### Try it
After the line containing "Wykonana z kydexu", copy nothing more; up to and including it, copy every line of the listing exactly from the first, leaving out the pictures.

═══

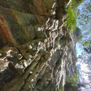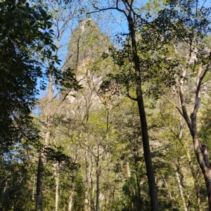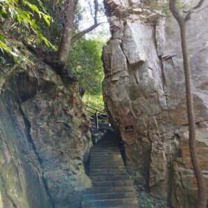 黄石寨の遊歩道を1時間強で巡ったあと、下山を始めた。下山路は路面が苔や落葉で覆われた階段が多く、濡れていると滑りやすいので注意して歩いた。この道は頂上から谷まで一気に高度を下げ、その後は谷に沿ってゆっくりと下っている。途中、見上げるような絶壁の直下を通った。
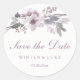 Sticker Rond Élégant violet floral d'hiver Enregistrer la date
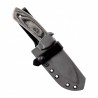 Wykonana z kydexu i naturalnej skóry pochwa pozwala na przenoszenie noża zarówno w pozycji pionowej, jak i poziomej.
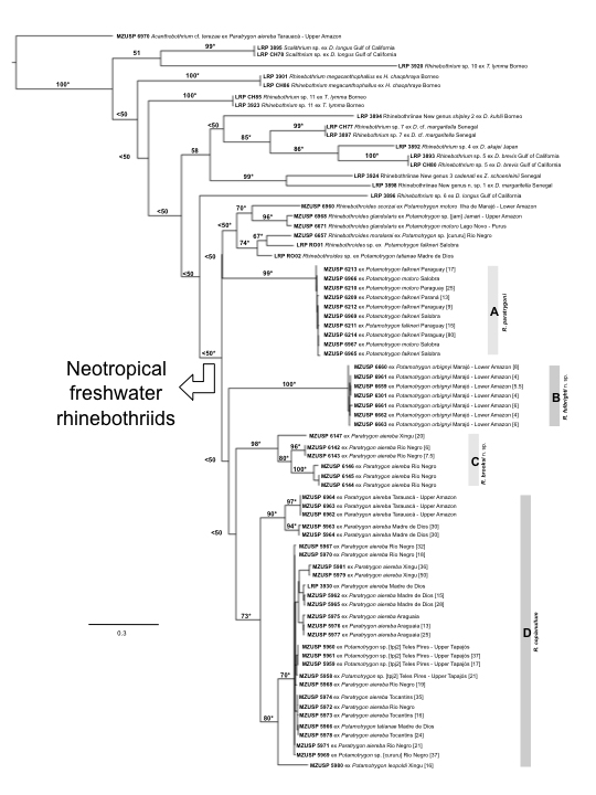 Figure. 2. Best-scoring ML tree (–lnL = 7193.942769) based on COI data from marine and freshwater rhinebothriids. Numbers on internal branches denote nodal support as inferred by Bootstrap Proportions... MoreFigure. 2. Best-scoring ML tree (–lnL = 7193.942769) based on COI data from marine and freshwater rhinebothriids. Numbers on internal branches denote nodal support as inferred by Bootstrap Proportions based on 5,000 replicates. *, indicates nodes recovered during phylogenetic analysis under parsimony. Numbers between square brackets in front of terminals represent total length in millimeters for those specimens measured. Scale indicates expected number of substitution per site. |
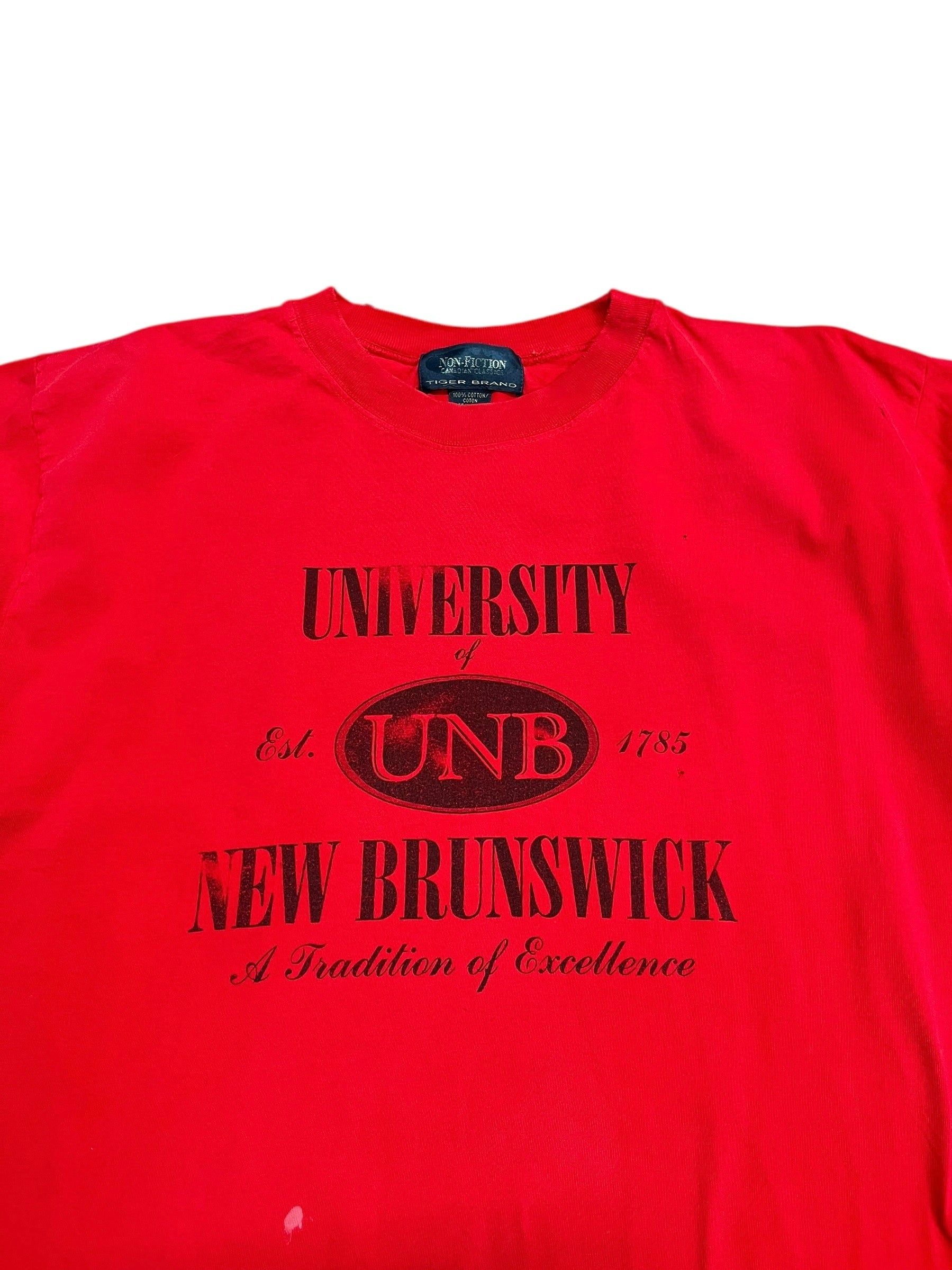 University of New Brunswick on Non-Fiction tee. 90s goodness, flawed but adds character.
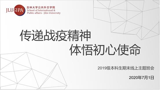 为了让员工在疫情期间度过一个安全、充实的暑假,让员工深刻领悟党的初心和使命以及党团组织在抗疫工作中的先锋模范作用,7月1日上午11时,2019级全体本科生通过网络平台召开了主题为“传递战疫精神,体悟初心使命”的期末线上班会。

═══

### Solution for this exercise
 黄石寨の遊歩道を1時間強で巡ったあと、下山を始めた。下山路は路面が苔や落葉で覆われた階段が多く、濡れていると滑りやすいので注意して歩いた。この道は頂上から谷まで一気に高度を下げ、その後は谷に沿ってゆっくりと下っている。途中、見上げるような絶壁の直下を通った。
 Sticker Rond Élégant violet floral d'hiver Enregistrer la date
 Wykonana z kydexu i naturalnej skóry pochwa pozwala na przenoszenie noża zarówno w pozycji pionowej, jak i poziomej.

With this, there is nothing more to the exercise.